How to complete this task. Skip the pictures. Transcribe the rest of the data below without changing a word.
Top of Information supplied
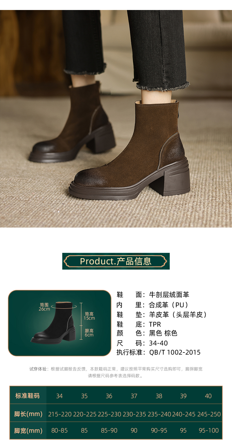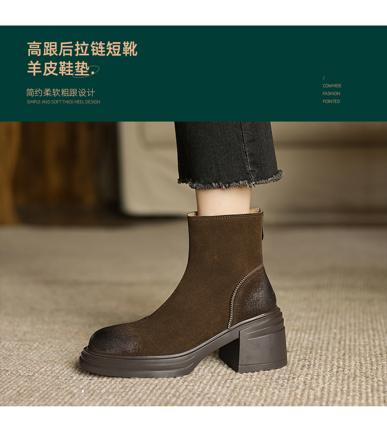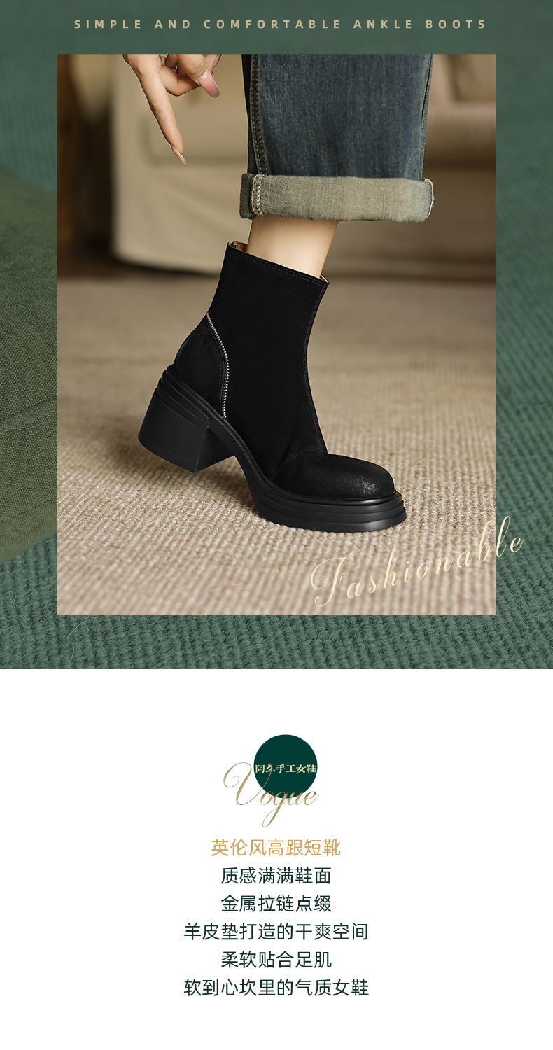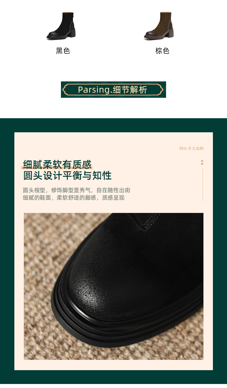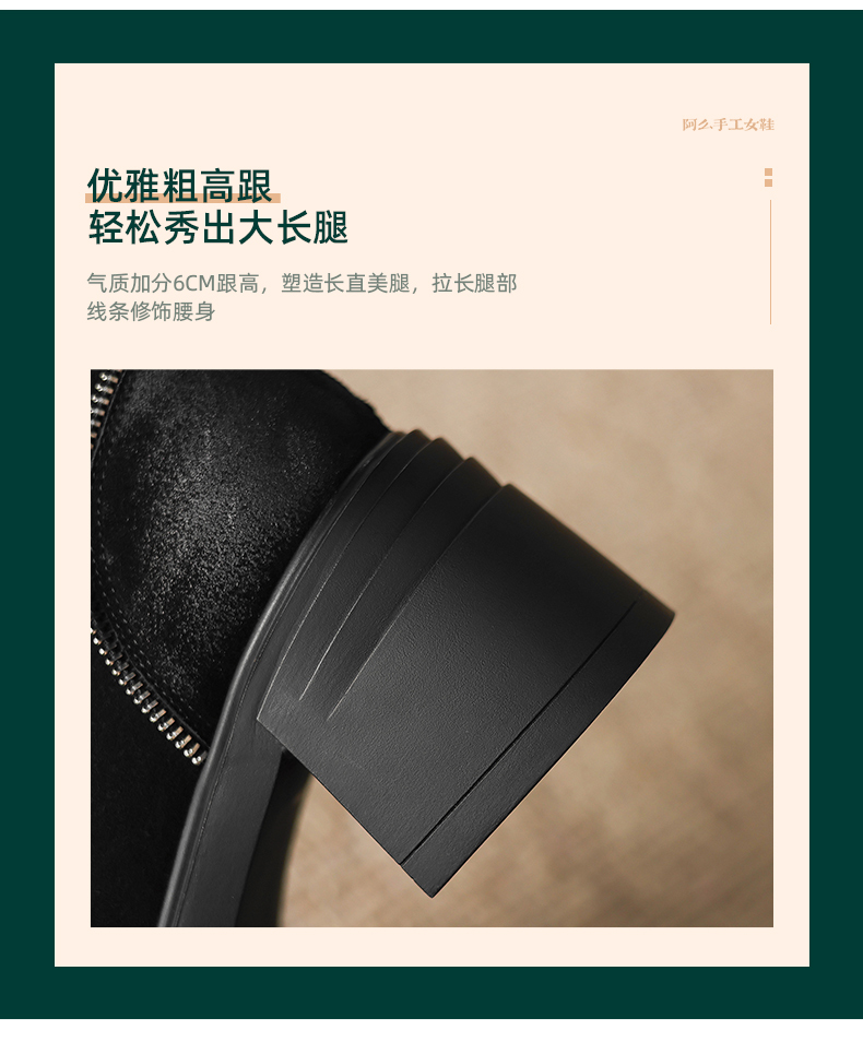 阿么手工女鞋高跟绒面小个子增高短靴女秋冬6CM后拉链百搭瘦瘦靴
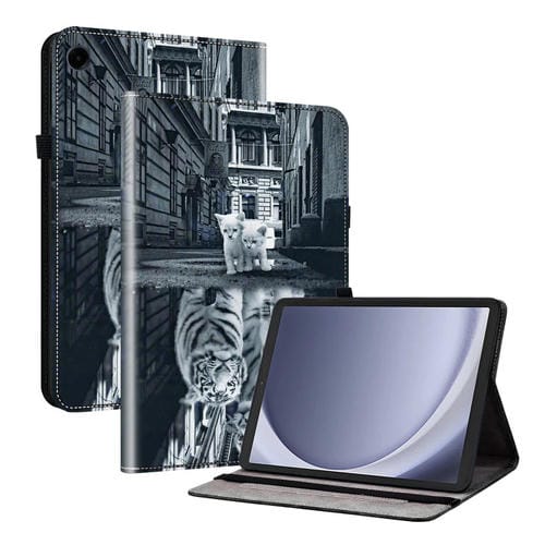 Funda para Tablet Samsung Galaxy Tab A9 Cuero Pintado Textura de Cristal (Tigre Reflejo de Gato)
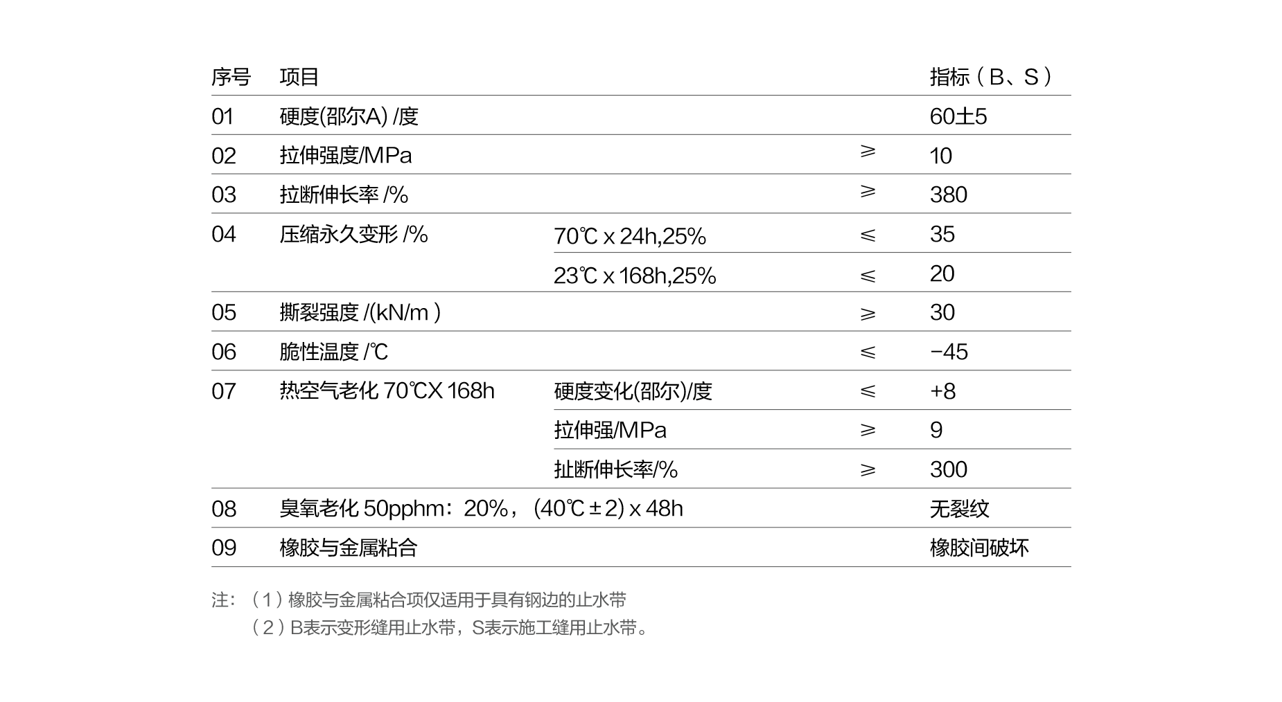 在工程的建筑设计中,由于混凝土不能连续浇注,或由于地基变形,或由于温度变化引起的混凝土构件热胀冷缩等原因,需留有施工缝、沉降缝、变形缝,在这些缝处必须安装橡胶止水带,以防止水的渗漏。橡胶止水带既能防止地下水(或外界水)渗漏到建筑结构中,又可以防止建筑内的水漏到外界。
Bottom of Information supplied
Answer section.
 阿么手工女鞋高跟绒面小个子增高短靴女秋冬6CM后拉链百搭瘦瘦靴
 Funda para Tablet Samsung Galaxy Tab A9 Cuero Pintado Textura de Cristal (Tigre Reflejo de Gato)
 在工程的建筑设计中,由于混凝土不能连续浇注,或由于地基变形,或由于温度变化引起的混凝土构件热胀冷缩等原因,需留有施工缝、沉降缝、变形缝,在这些缝处必须安装橡胶止水带,以防止水的渗漏。橡胶止水带既能防止地下水(或外界水)渗漏到建筑结构中,又可以防止建筑内的水漏到外界。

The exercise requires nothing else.